Взяв с кофейного столика одну из трех щербатых чашек, он сделал глоток чая. Тот оказался чем-то средним между горячим и холодным. Саймон было потянулся за печеньем, но удержался.
Гленн Джаггард двумя руками затолкал в комнату Сару. Высокая и худая, с волнистыми каштановыми волосами, она была в розовой полосатой пижаме и белом махровом банном халате. Бросив на Саймона быстрый взгляд, женщина тут же отвела глаза.

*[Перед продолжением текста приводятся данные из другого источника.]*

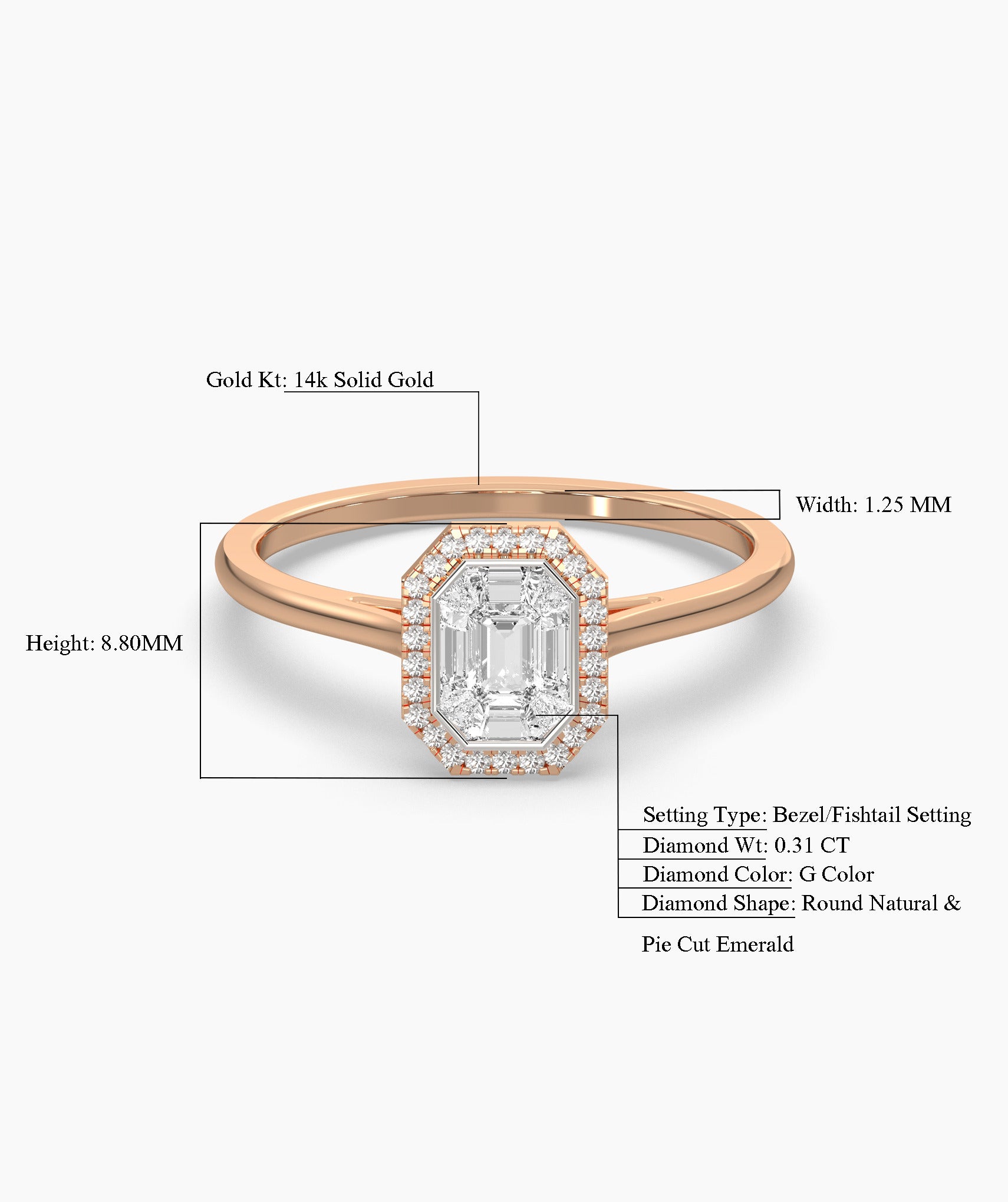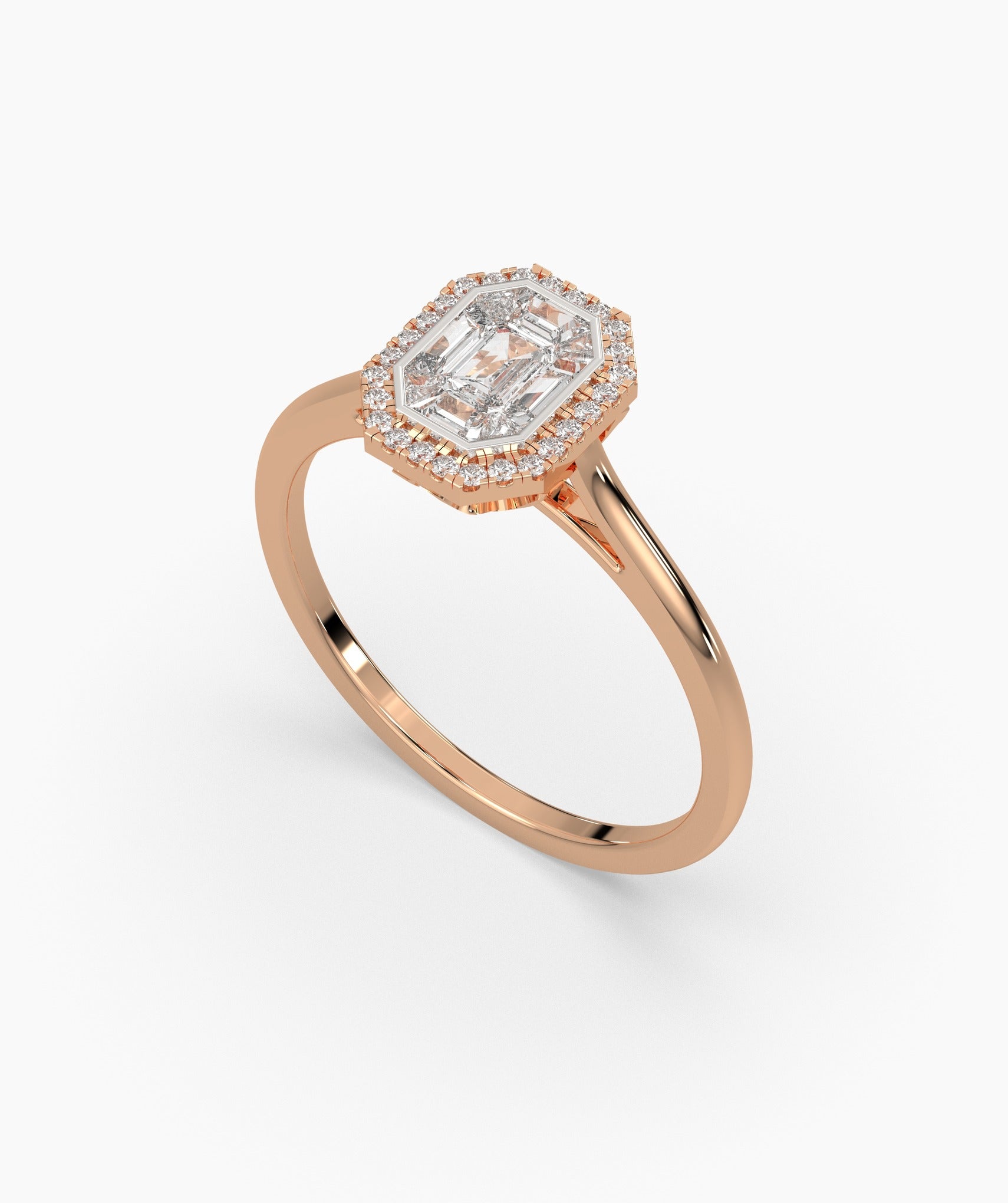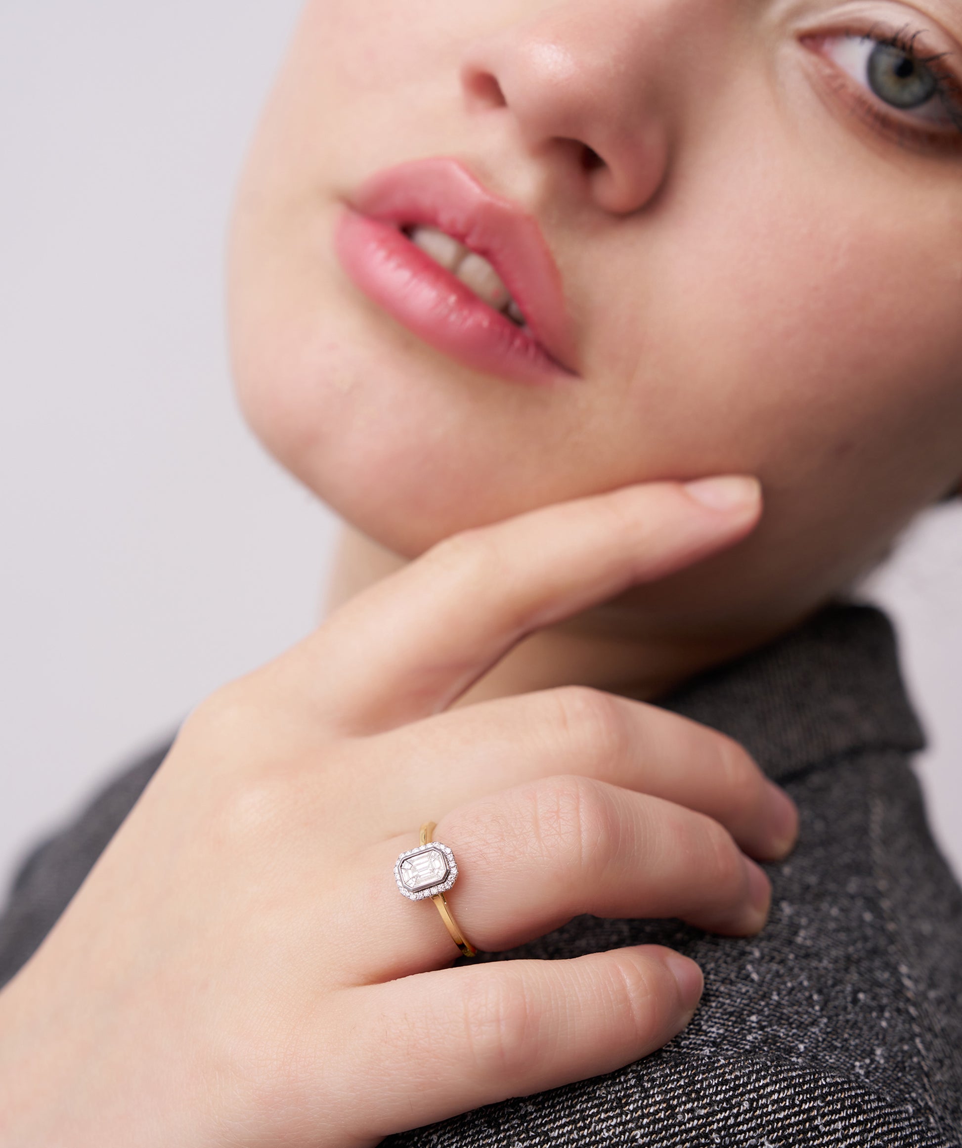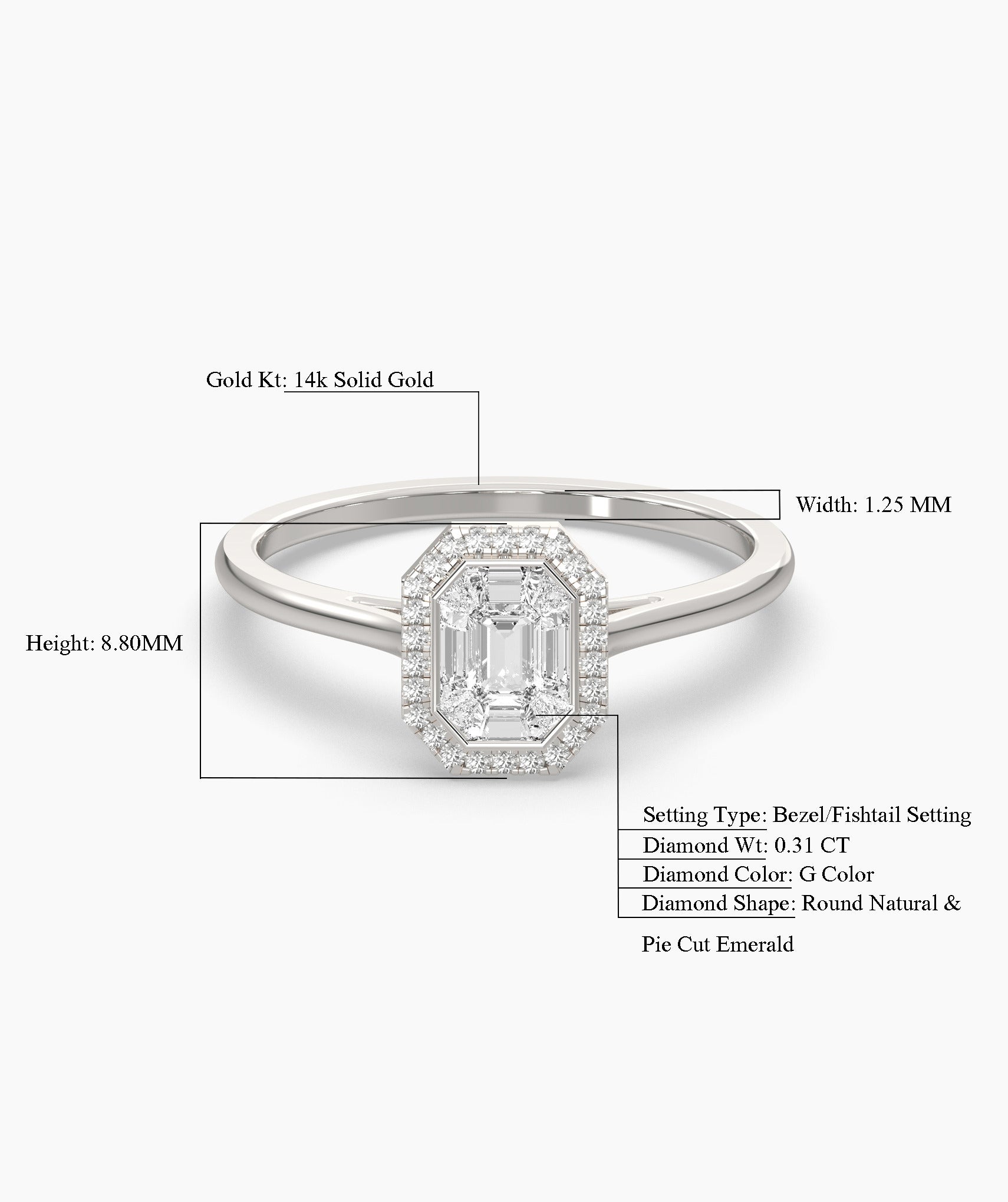 Elevate your style with this sleek 14K gold piece, where the crisp geometry of an emerald-cut diamond meets radiant halo accents.

– Садись, моя радость, – сказал ей муж.
Сара опустилась на один из красных стульев. Все ее движения – как она ходила, как сидела – отличала странная неуклюжесть, как будто она делала это впервые. Сара нервничала в собственном доме. Если, конечно, она считает своими домом его, а не тот, который пришлось продать, чтобы выйти из тюрьмы на свободу.
Саймон заранее проштудировал ее дело. Ее обвинили в непредумышленном убийстве Беатрис Фернис, шестимесячной малышки, за которой она регулярно присматривала. Беатрис, или Беа, как ее все называли, была дочерью Пинды Авари и Мэтта Ферниса. До своего ареста Сара работала парикмахером. Пинда, аудитор сети букмекерских контор, была одной из давних ее клиенток и хорошей подругой. Вечером 15 апреля 2004 года Пинда и Мэтт отправились на вечеринку. По пути они заехали домой к Джаггардам и оставили у них дочь. Сара поставила в проигрыватель видеодиск «Моцарт для малышей», чтобы посмотреть его вместе с ней.